BACKGROUND
Extracting valuable information from clinical text data is critical in disease progression studies. Traditional methods are often unable to cope with the complexity and volume of such data. The emergence of Large Language Models (LLMs) has opened new avenues, but they are challenged by critical issues such as data security and feature hallucination.
OBJECTIVE
The primary objective of this study is to utilize a modular LLM approach to efficiently and accurately extract features from clinical text data, addressing the specific challenges of data security and feature hallucination, and improving upon the limitations of traditional methods.
METHODS
In this study, we introduced a modular LLM approach to extract features from patient admission records. The process was divided into distinct steps: concept extraction, aggregation, question generation, corpus extraction, and Q&A scale extraction.

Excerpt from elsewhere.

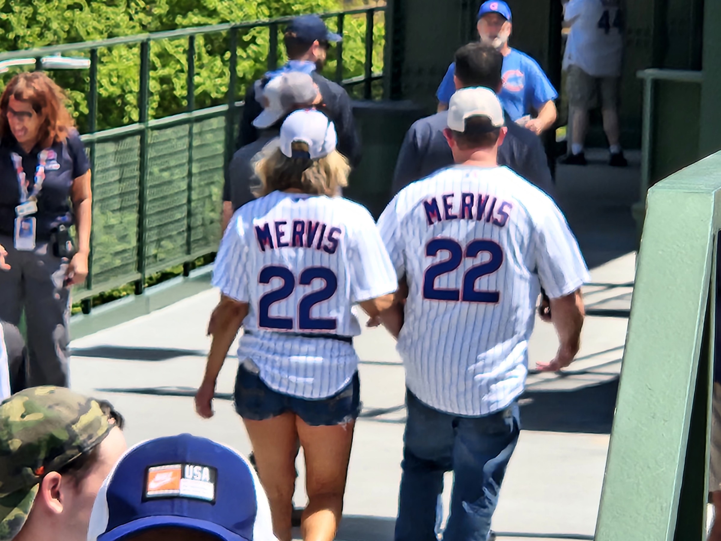 Matt Mervis? People were buying his No. 22 jersey before he even played in a single game for the Cubs — I took this photo in the Wrigley Field bleachers on May 5, 2023, just before that day’s game when Mervis made his MLB debut (and no, those are not his parents, who you can see here in an interview done that day):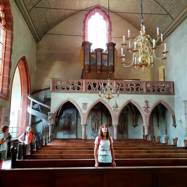 Von der Stadtbahnhaltestelle in Hirschhorn ging es direkt mit 22 % Anstieg hinauf auf den Neckarsteig. Das erste Highlight der dritten Etappe war das Freischärler Grab. Der Rote-Bild-Weg ist ausgebaut, aber am Bildstock kann man über den Grenz-, Handels- und Kirchweg einiges erfahren. Interessant ist, dass man sich lange Zeit auf dem Kunstbank-Weg bewegt. Nach dem kurzen Abstecher zum Schaubild wird es dann sehr idyllisch und der schmale schöne Waldweg über den Darsberg ist besonders im Herbst...

Our method was evaluated on a dataset comprising 25,709 pregnancy cases from the People's Hospital of Guangxi Zhuang Autonomous Region, China, utilizing two low-parameter LLMs, Qwen-14B-Chat (QWEN) and Baichuan2-13B-Chat (BAICHUAN).
RESULTS
The approach achieved high precision in features extraction, with QWEN and BAICHUAN showing average accuracies of 95.52% and 95.86%, respectively. The models demonstrated low null ratios (<0.21%) and varied time consumption. We also experimented the INT4-quantified version of QWEN (QWEN (INT4)) on a consumer-grade GPU, achieved even better performance (97.28% accuracy and a 0% null ratio).
CONCLUSIONS
This study demonstrates the effectiveness of a modular LLM approach in extracting clinical text data with high accuracy and efficiency. By breaking down the extraction process into manageable components, this approach offers a promising solution for textual features extraction from patient documentation.